On the day he was to have married he assaulted Mary McLachlan. She knew him slightly although not by name. Although he threatened Mary Maclachlan it is unclear whether he raped her.  There is a suggestion that he gained satisfaction by terrifying his victims. He was allowed to conduct his own defence.  The verdict was: “Not Proven.”  This convinced Peter Manuel that he could get away with anything, that he was simply cleverer than the authorities.  Peter Manuel’s gargantuan self belief accounts for his further actions.  It boosted his already considerable sense of immunity and self-importance.

A seventeen year old girl called Anne Kneilands was murdered on a golf course in East Kilbride on 2 January 1956.  She had been “criminally assaulted”, meaning that there was a sexual element in the crime.

The Watt family lived at 5 Fennsbrook Avenue in Burnside on the South side of Glasgow.  William Watt had gone for a fishing trip and was staying near Lochgiphead ninety miles from his home.  Mrs Marion Watt, her daughter 17 year old Vivienne and her sister Margaret Brown were found shot dead in their home.  Immediately the investigators suspected William Watt.  Their suspicions strengthened when two witnesses identified Mr William Watt driving to his home.  One witness went so far as to identify Mr Watt, his car and his dog.  The investigators employed a driver to demonstrate that Mr Watt could have driven from his hotel, killed his family and returned to his hotel without being missed.  Mr William Watts had no history of violence.  One problem was that the fuel in the car was not compatible with a round trip of nearly two hundred miles.  The investigators theorised that Mr Watt had hidden the fuel on the road and refilled his car.

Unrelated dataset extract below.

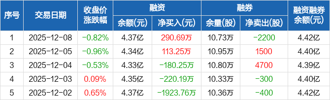 重庆啤酒:融资净买入290.69万元,融资余额4.37亿元(12-08)

Mr Watt was charged and spent 67 days in Bairnlinnie Prison.  It is a sobering thought that he could have been hanged on the identification evidence.  It was widely believed that he was guilty.

Eventually Mr Watt was released. Peter Manuel contacted Mr Watt’s solicitor saying that he had information about the murder from his criminal contacts.  What followed defies imagination.  Peter Manuel and William Watt had a series of meetings in which the crime was discussed and Peter Manuel claimed the crime had been committed by criminal acquaintances.

On Sunday 8 December 1957 a taxi driver called Sydney John Dunn shot dead at an isolated spot in County Durham.  He had driven a passenger from Newcastle earlier that morning.  Peter Manuel had been attending an interview at Newcastle.

17 year old Isabelle Cook disappeared in December 1957.  Her body was found on 16 January 1958. Peter Manuel lived close by.

On the 6 January 1958 the bodies of Peter Smart, Doris Smart and their son Michael aged 10  were found all shot in the head at their home at 38 Sheepburn Road.  They lived within walking distance of where Peter Manuel lived.  The were killed on January 1st.  Somebody had opened and closed the curtains and fed the cat whilst the dead bodies lay in their beds.  Peter Manuel had attended family parties  during this time and he had treated his family and friends.

Eventually missing notes were traced to Peter Manuel and he was arrested and charged.  He was charged with eight murders.  He offered to confess to spare his family pain.

After the beginning of the trial he dismissed his legal representatives and took over his own defence. The charge of murdering Anne Kneilands was dropped because of lack of evidence.   In some respects he conducted his defence with skill.  He revived the original investigators’ idea that William Watt had murdered his family and if this were the only crime he might have caused enough confusion to be acquitted.  He skilfully blended fact and fiction.

It was probably with some gratification that he heard the judge compliment him on his defence which was offset by the fact that he was sentenced to death.  His appeal failed and he was hanged by Harry Allen on 17 September 1958.  When the advocate was presented with evidence that Peter Manuel had an abnormal personality he expressed the view that Peter Manuel was: “Simply a bad man.”

There are unanswered questions.  Did Peter Manuel murder the taxi-driver Sydney Dunn?  The case that he did was that he was in the area at the time.  The case against: why would Peter Manuel murder Sydney Dunn  miles from any means of transport and how did he get away?  Numerous other crimes have been blamed on Peter Manuel.  He was the most dangerous kind of killer, abnormal enough to commit pointless crimes but normal enough not to draw attention to himself.

Peter Manuel is surely the oddest character to have worked in the Golden Mile at Blackpool.  In the theatre of the imagination we  can visualise him serving an ice-cream to the young Myra Hindley.